Now, having been around a long time, I know that Wiki, a small link in the upper right corner, means documentation. But a lot of people don’t (I doubt my mom — the most recent person to ask me to set up a site — would), so for the sake of the experiment I go looking for a Help or Docs or Support link. I find it (Support) in the bottom left navigation after scrolling down (below the fold), because for some reason the “Goodies” navigation section is open. Why? Because apparently that’s where the MySQL Databases page actually lives, despite being in the navigation up above as a top-level item. Come on, Dreamhost, who’s your information architect, and what are they doing?
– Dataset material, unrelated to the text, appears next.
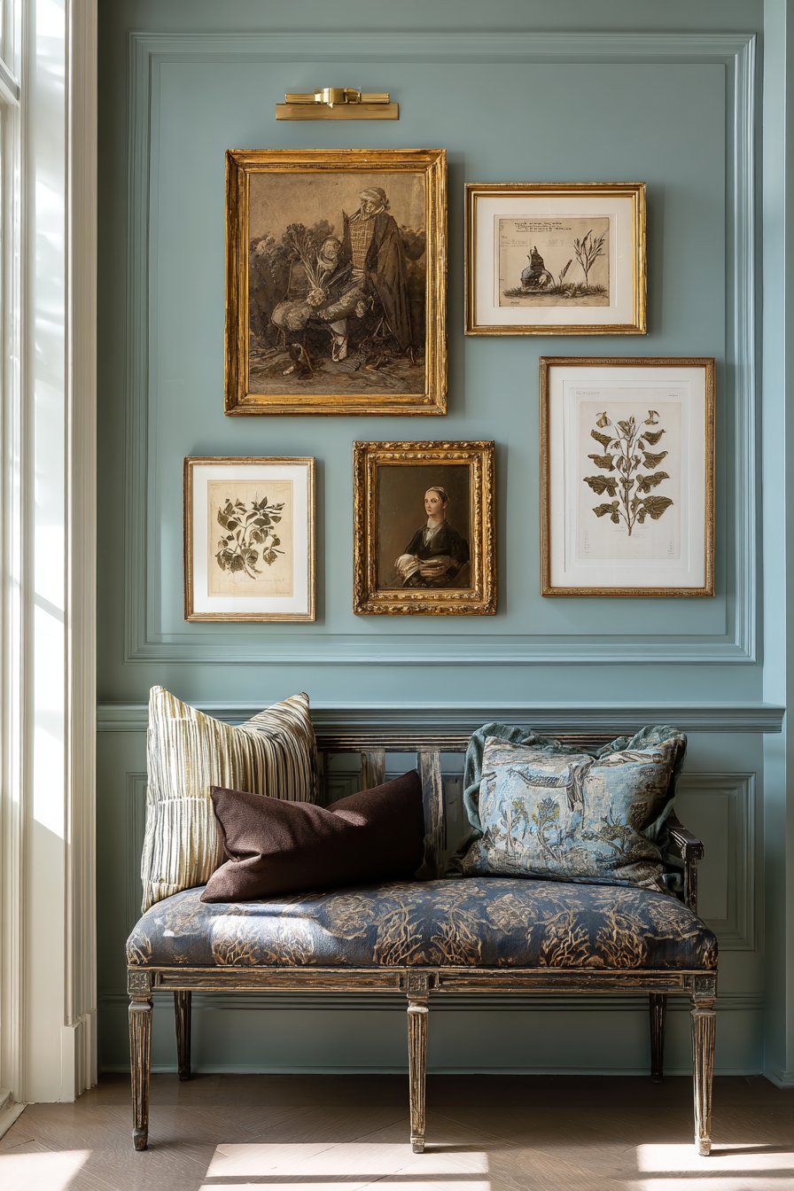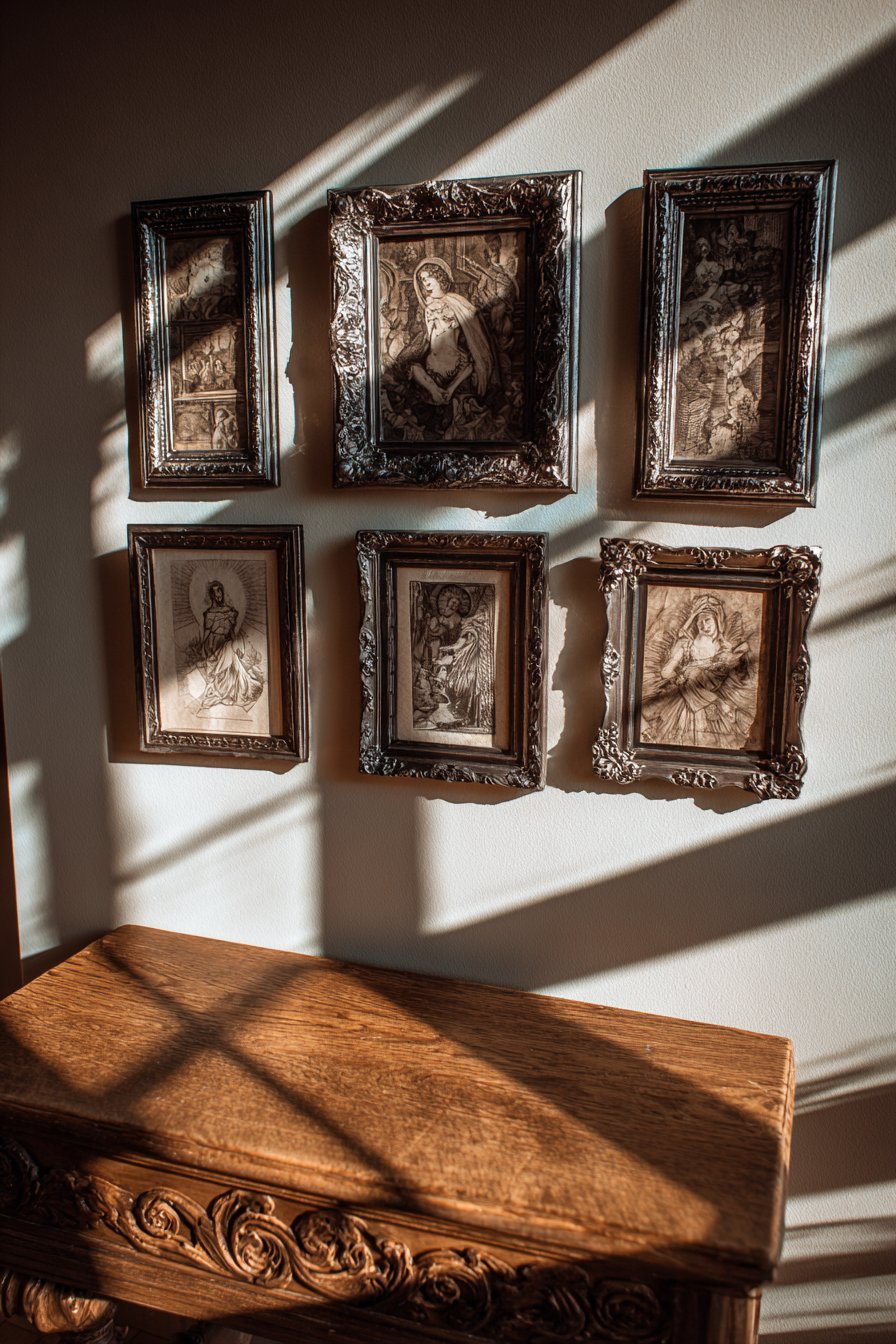 Soft diffused lighting from a nearby window creates an even glow across the carefully balanced composition, eliminating harsh shadows that might disrupt the serene symmetry. This type of natural, indirect lighting is ideal for vintage gallery walls as it prevents fading of delicate antique prints while showcasing the frames’ ornate details without creating glare on protective glass surfaces.

Anyway, I click on Support. It drops a layer with 3 options. Contact, History, and Data Centers. Why not have a link here for Wiki (or better, Documentation, which is less jargony)? Hmph. If you do click on Contact Support, it takes you into a form. There’s a live chat button, but no links here to documentation either. Hm, what’s this “Help is Off” button?

Screen shot 2014-10-11 at 8.48.09 AM

I decide to click it. Then I see this:

Screen shot 2014-10-11 at 8.48.47 AM

Oh, how handy, a link to documentation and forums. Why it’s even optional to hide that text is ridiculous. Anyway, to the wiki!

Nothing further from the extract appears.